==== INPUT DATA

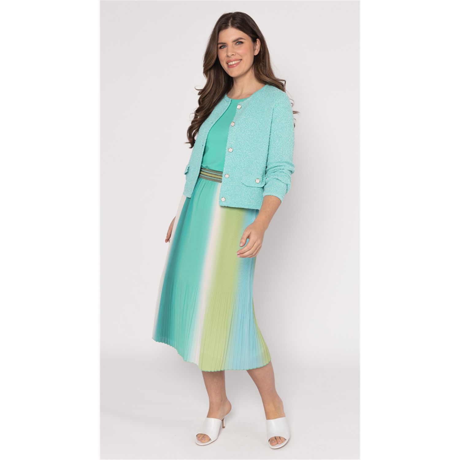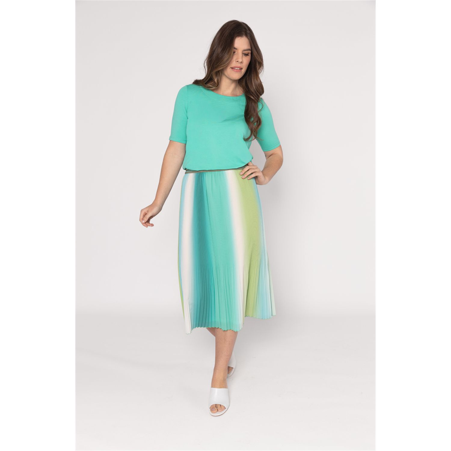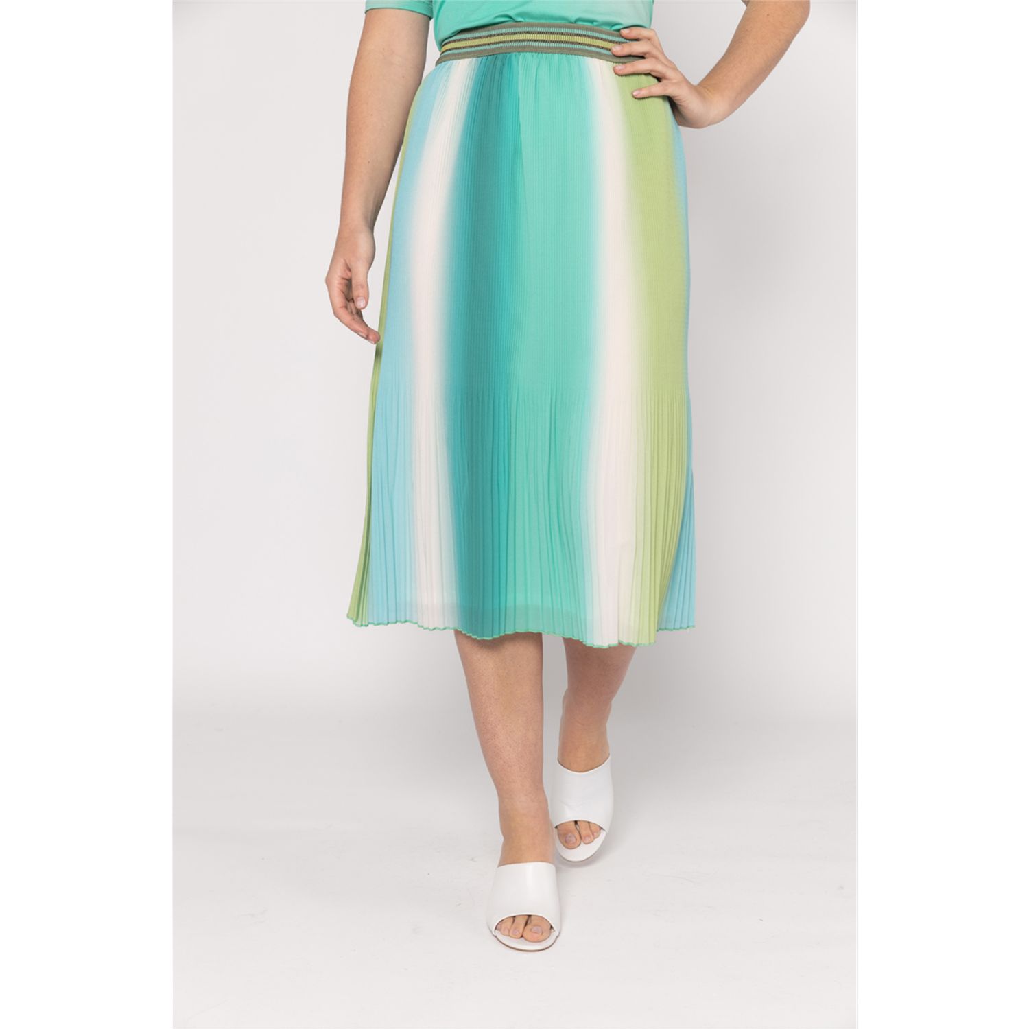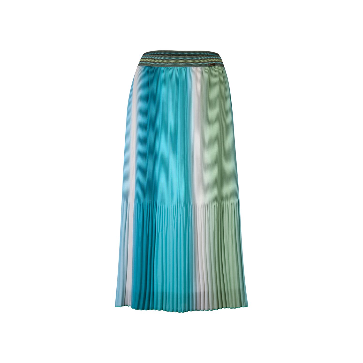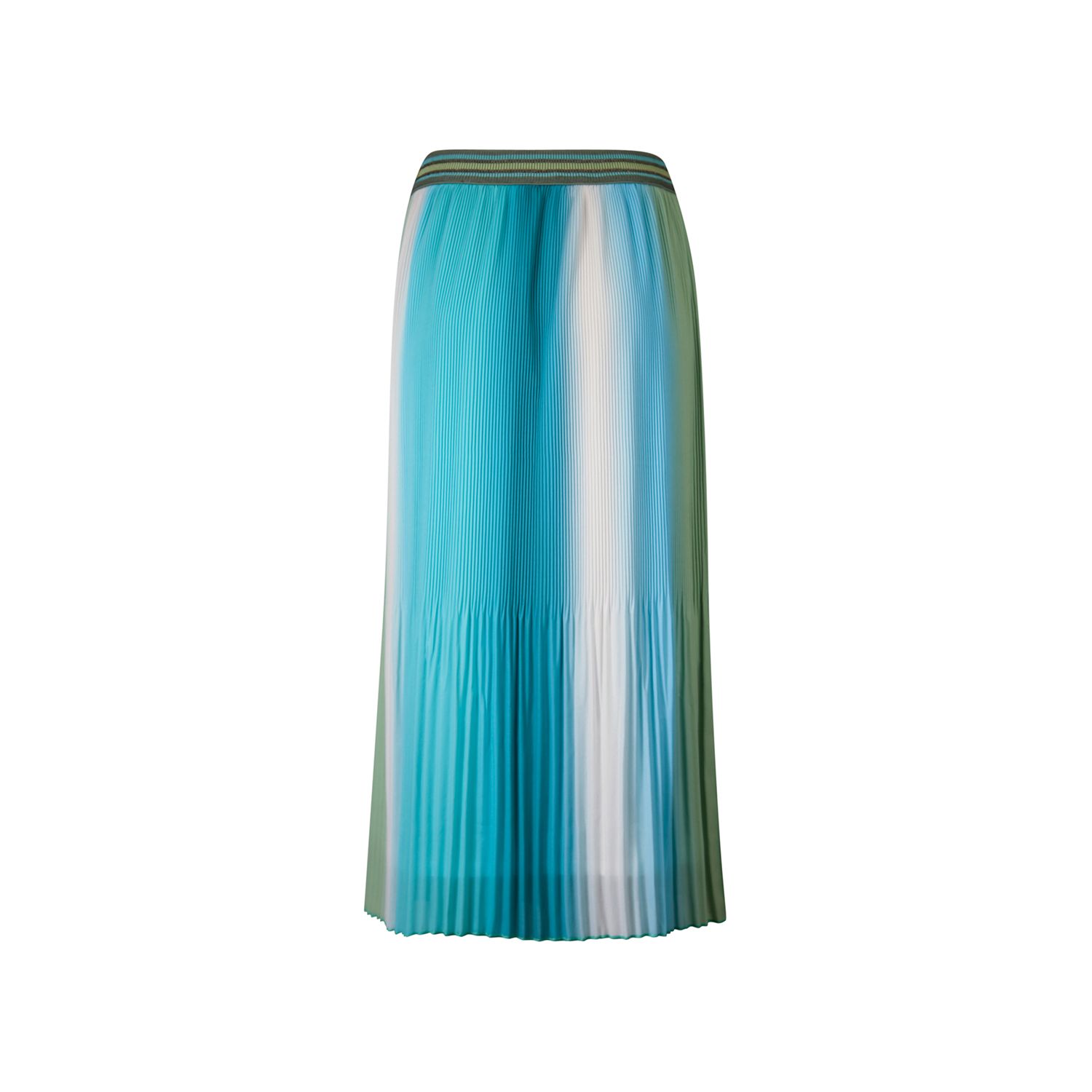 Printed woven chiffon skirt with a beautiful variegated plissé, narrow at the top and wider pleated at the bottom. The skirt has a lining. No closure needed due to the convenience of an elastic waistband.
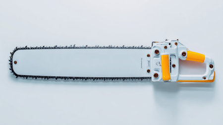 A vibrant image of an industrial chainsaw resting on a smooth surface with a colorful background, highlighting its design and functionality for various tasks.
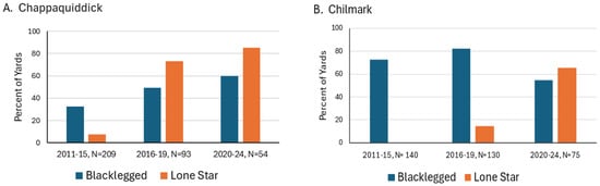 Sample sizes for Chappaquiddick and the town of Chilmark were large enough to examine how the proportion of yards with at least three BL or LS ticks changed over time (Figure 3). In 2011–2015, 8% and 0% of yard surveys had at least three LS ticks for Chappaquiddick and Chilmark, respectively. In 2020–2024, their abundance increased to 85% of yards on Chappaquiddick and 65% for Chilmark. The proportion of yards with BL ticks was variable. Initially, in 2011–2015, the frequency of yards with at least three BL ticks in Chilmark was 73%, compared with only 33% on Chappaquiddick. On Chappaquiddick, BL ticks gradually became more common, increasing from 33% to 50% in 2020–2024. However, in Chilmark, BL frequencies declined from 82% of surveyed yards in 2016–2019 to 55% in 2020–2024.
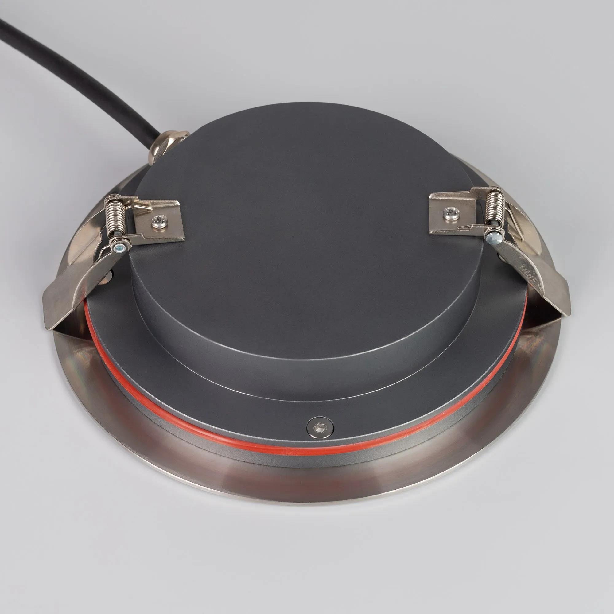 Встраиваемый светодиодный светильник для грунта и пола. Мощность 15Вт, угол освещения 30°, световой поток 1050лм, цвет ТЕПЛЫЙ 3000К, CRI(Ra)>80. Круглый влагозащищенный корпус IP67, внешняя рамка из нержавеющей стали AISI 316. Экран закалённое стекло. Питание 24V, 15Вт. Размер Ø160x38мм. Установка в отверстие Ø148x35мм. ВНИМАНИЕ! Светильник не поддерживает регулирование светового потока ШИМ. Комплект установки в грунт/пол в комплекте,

========

Each line above must be repeated exactly in the answer, with pictures omitted.

REPLY
 Printed woven chiffon skirt with a beautiful variegated plissé, narrow at the top and wider pleated at the bottom. The skirt has a lining. No closure needed due to the convenience of an elastic waistband.
 A vibrant image of an industrial chainsaw resting on a smooth surface with a colorful background, highlighting its design and functionality for various tasks.
 Sample sizes for Chappaquiddick and the town of Chilmark were large enough to examine how the proportion of yards with at least three BL or LS ticks changed over time (Figure 3). In 2011–2015, 8% and 0% of yard surveys had at least three LS ticks for Chappaquiddick and Chilmark, respectively. In 2020–2024, their abundance increased to 85% of yards on Chappaquiddick and 65% for Chilmark. The proportion of yards with BL ticks was variable. Initially, in 2011–2015, the frequency of yards with at least three BL ticks in Chilmark was 73%, compared with only 33% on Chappaquiddick. On Chappaquiddick, BL ticks gradually became more common, increasing from 33% to 50% in 2020–2024. However, in Chilmark, BL frequencies declined from 82% of surveyed yards in 2016–2019 to 55% in 2020–2024.
 Встраиваемый светодиодный светильник для грунта и пола. Мощность 15Вт, угол освещения 30°, световой поток 1050лм, цвет ТЕПЛЫЙ 3000К, CRI(Ra)>80. Круглый влагозащищенный корпус IP67, внешняя рамка из нержавеющей стали AISI 316. Экран закалённое стекло. Питание 24V, 15Вт. Размер Ø160x38мм. Установка в отверстие Ø148x35мм. ВНИМАНИЕ! Светильник не поддерживает регулирование светового потока ШИМ. Комплект установки в грунт/пол в комплекте,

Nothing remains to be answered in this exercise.